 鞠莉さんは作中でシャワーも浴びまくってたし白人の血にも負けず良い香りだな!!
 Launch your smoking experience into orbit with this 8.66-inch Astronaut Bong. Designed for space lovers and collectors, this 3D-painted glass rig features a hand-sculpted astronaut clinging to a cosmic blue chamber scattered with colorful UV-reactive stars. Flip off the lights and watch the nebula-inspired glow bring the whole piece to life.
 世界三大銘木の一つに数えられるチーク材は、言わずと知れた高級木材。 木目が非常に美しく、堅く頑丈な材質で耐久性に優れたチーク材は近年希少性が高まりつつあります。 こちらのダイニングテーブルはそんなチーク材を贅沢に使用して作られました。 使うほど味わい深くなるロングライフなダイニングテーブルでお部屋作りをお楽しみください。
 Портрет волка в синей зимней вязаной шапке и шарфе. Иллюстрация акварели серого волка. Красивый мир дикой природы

----------

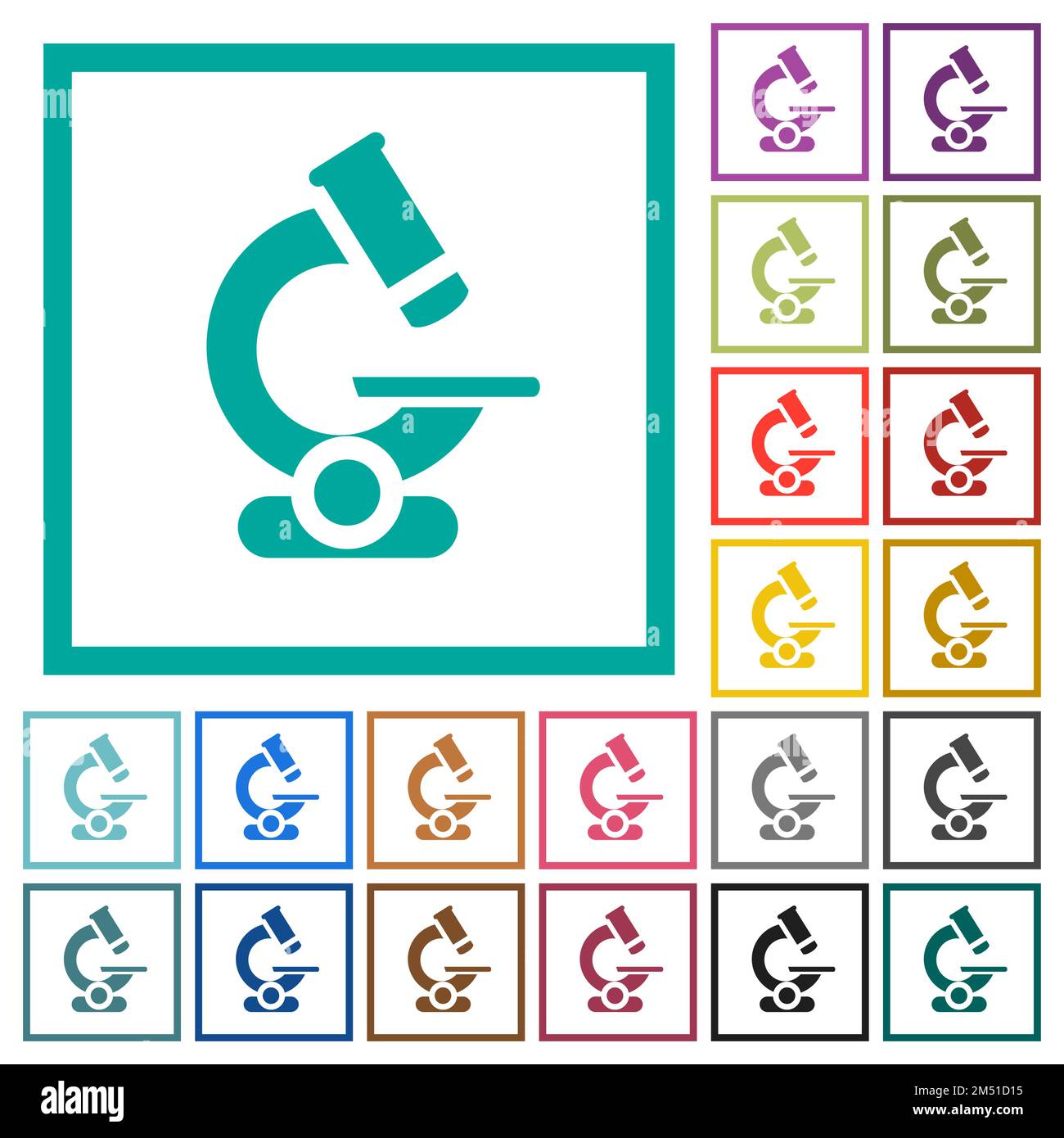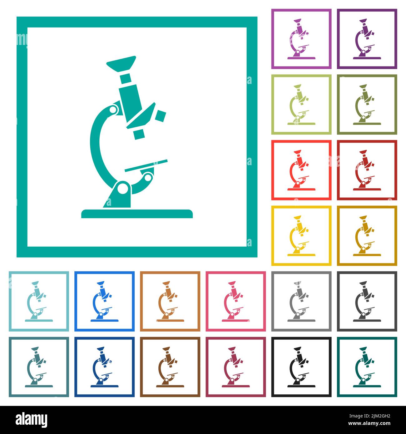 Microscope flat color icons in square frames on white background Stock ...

----------

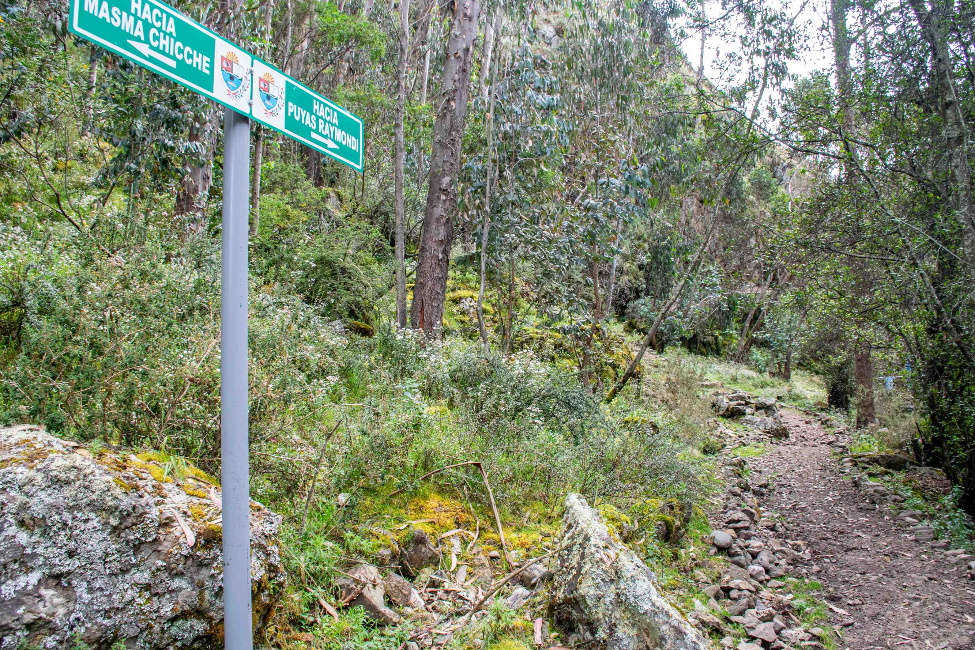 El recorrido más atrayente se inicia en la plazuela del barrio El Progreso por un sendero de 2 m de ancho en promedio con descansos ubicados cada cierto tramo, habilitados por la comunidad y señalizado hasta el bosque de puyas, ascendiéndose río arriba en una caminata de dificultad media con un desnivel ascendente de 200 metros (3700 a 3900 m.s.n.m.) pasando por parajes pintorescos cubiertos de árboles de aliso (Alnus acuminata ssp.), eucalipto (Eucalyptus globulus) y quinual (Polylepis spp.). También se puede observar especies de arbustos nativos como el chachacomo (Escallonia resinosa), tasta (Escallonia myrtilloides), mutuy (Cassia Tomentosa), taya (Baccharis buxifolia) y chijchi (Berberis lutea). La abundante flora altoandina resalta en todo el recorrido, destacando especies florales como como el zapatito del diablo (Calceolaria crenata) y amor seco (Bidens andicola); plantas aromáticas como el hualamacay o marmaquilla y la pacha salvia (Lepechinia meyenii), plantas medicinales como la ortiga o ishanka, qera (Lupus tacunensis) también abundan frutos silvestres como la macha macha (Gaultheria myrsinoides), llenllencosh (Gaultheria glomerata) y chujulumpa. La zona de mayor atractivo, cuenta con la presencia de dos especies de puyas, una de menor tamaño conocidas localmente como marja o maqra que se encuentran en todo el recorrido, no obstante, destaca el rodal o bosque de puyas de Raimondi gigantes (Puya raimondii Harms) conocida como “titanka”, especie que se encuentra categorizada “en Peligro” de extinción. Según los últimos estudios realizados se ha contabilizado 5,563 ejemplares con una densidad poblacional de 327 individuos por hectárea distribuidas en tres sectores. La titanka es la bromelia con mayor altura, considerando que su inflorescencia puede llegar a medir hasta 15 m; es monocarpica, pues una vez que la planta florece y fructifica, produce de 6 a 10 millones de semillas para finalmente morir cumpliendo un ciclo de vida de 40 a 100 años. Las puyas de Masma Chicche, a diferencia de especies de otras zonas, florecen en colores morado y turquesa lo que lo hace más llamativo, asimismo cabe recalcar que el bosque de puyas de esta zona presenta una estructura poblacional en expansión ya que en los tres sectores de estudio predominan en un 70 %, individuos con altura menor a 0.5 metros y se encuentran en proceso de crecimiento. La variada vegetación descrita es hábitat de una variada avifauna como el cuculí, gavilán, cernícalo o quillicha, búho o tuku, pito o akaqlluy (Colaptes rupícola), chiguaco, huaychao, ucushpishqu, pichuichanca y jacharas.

----------

What you have to do:
Look through the data above and return exactly the lines from the one that contains "Launch your smoking" to the one that contains "Портрет волка в", inclusive, with nothing else.

Answer to this problem:
 Launch your smoking experience into orbit with this 8.66-inch Astronaut Bong. Designed for space lovers and collectors, this 3D-painted glass rig features a hand-sculpted astronaut clinging to a cosmic blue chamber scattered with colorful UV-reactive stars. Flip off the lights and watch the nebula-inspired glow bring the whole piece to life.
 世界三大銘木の一つに数えられるチーク材は、言わずと知れた高級木材。 木目が非常に美しく、堅く頑丈な材質で耐久性に優れたチーク材は近年希少性が高まりつつあります。 こちらのダイニングテーブルはそんなチーク材を贅沢に使用して作られました。 使うほど味わい深くなるロングライフなダイニングテーブルでお部屋作りをお楽しみください。
 Портрет волка в синей зимней вязаной шапке и шарфе. Иллюстрация акварели серого волка. Красивый мир дикой природы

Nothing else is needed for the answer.